*Stored entries*.
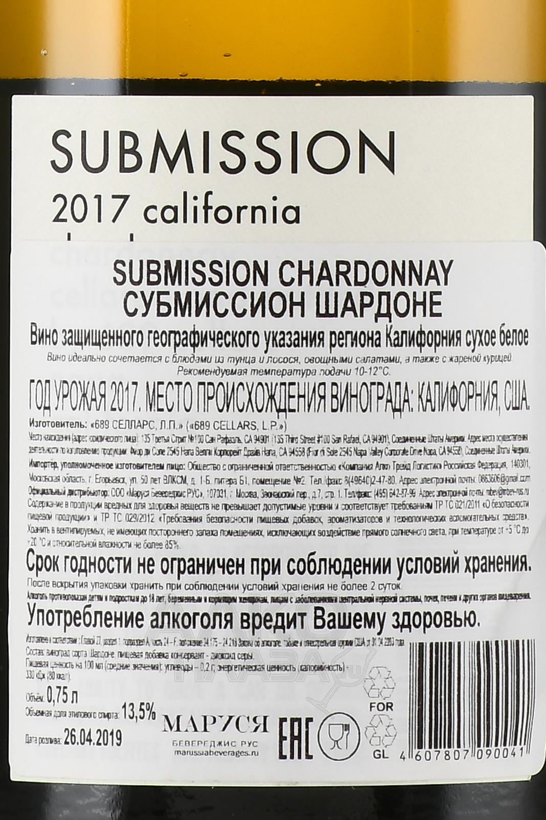 Белое сухое вино 689 Submission Chardonnay 2017 года 0,75 л создано из одного сорта Шардоне по традиционной технологии. Виноград был собран в 3-х калифорнийских субрегионах: Рашн Ривер, Карверос и Монтерей. Сырье из отдельных терруаров обладает уникальными органолептическими показателями, благодаря чему купаж стал многогранным и сложным. Винификация осуществлялась в стальных чанах при контролируемой температуре. Вино выдерживалось несколько месяцев и разливалось после фильтрации и осветления.
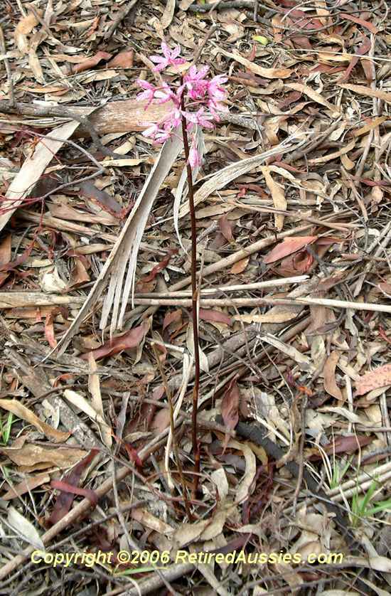Found as a large sized, cool to cold growing mycoheterotrophic, leafless terrestrial occuring in Queensland, New South Wales, Victoria and South Australia at elevations of 10 to 1100 meters in open forests and woodlands, drier ridges and river valleys and in coastal areas all in well drained soils with an erect stem that blooms in the summer and fall on an erect, reddish brown, to 3' [to 100 cm] long, 9 to 60 flowered inflorescence.
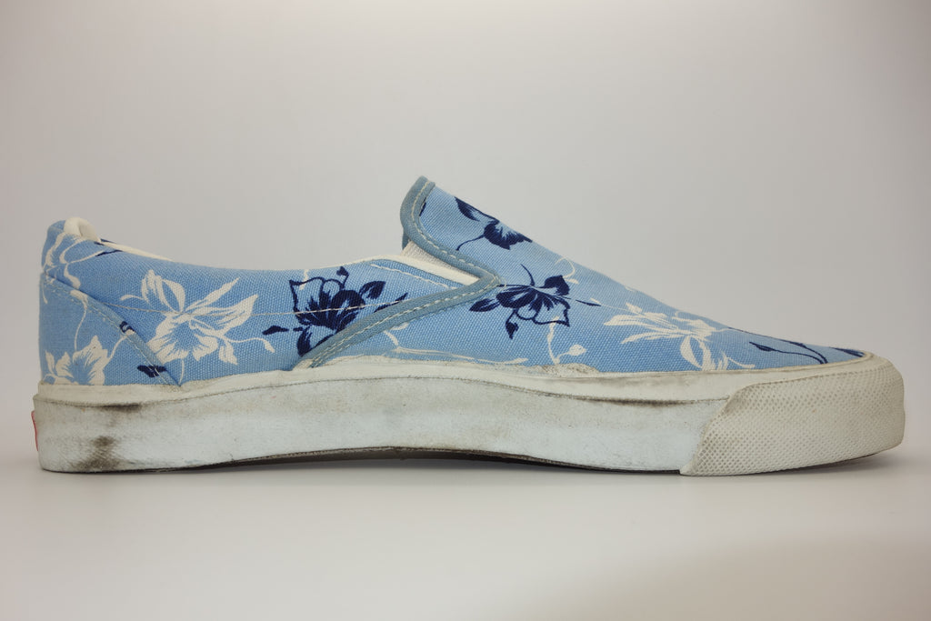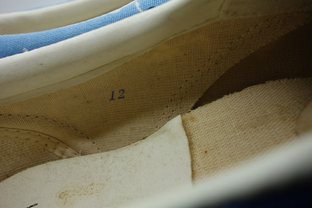unworn with very light storage wear & 1 water blemish on right toe. expo on box possibly indicates display model. all rubber remains super soft & flexible. og tissue paper still stuck to soles will peel away. box is knackered. 1 end is missing & the other end is split down 1 side.
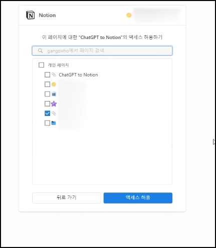 3) 확장앱 설치후 페이지 선택 - 추가한 템플릿 선택 후 액세스 허용
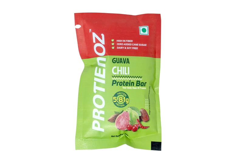 PROTIENOZ No Added Sugar 28 g Guava Chilli Protein Bars | High Protein & Energy Bars | | Pack of 5 x 28g Each | No Preservatives
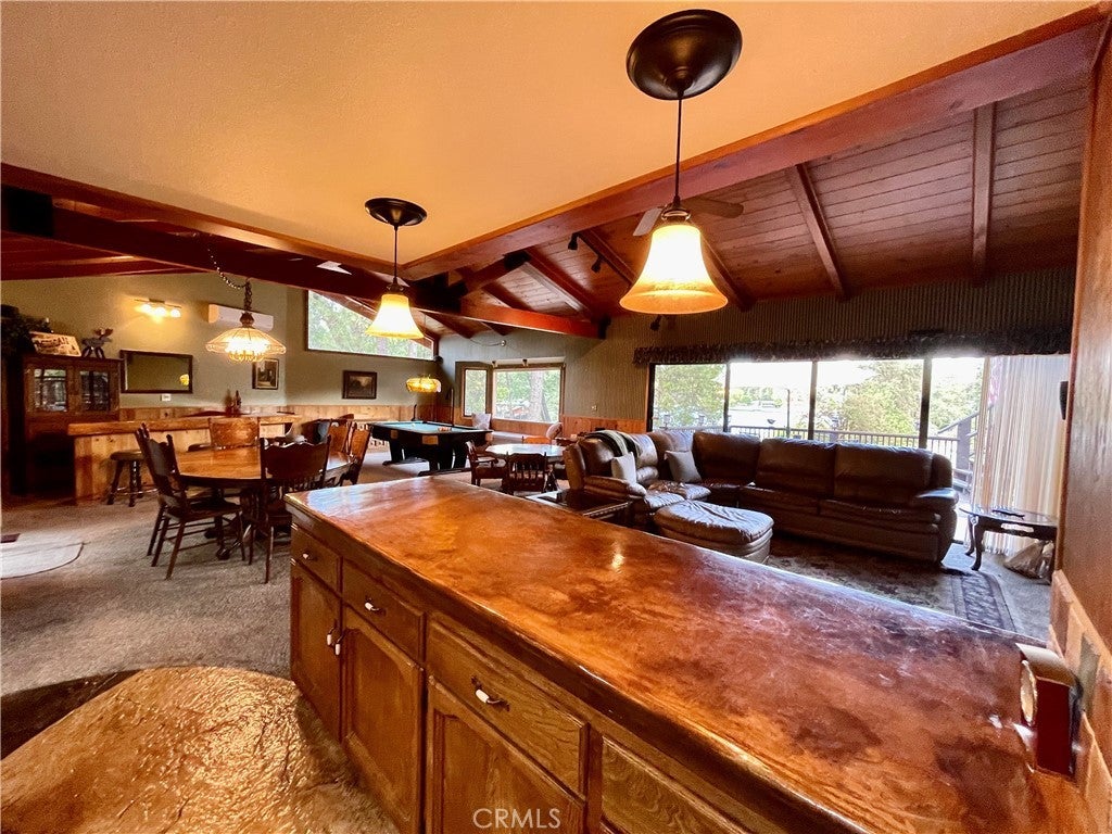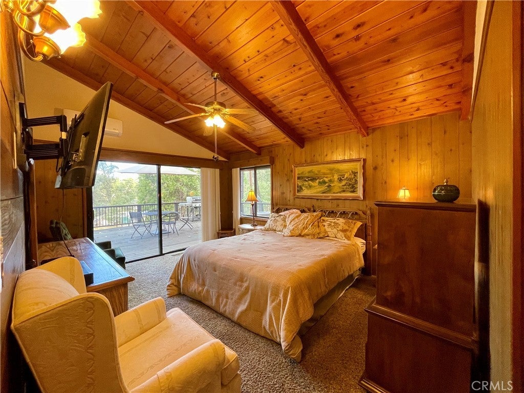 Wonderful Bass Lake Cabin with lake views and boat slip across the street at Acorn Dock! This home is a vacation rental and has real lake-mountain charm! Great room has rock fireplace (gas), wood beam trusses, show board ceilings, wood slab wet bar, pool table area, kitchen area has breakfast bar, huge lake view deck for bbq's & outdoor entertainment! Master bedroom and one of the guest rooms has deck access with lake views! House has well distributed mini-splits for comfort! The garage is super sized with shop area! There is also an easement to the back of the property with room to park the boat! Just down the street from The Pines Village and 30 minutes north to the 41 entrance to Yosemite National Park entrance and 30 minutes south to Chukchansi Gold Resort & Casino. Most furnishings included. Make your appointment to see this one now!

*Task to complete*.
Please output, exactly as written, the lines above from the one holding "unworn with very" through the one holding "PROTIENOZ No Added", both included, with the pictures omitted.

*The completed task*.
unworn with very light storage wear & 1 water blemish on right toe. expo on box possibly indicates display model. all rubber remains super soft & flexible. og tissue paper still stuck to soles will peel away. box is knackered. 1 end is missing & the other end is split down 1 side.
 3) 확장앱 설치후 페이지 선택 - 추가한 템플릿 선택 후 액세스 허용
 PROTIENOZ No Added Sugar 28 g Guava Chilli Protein Bars | High Protein & Energy Bars | | Pack of 5 x 28g Each | No Preservatives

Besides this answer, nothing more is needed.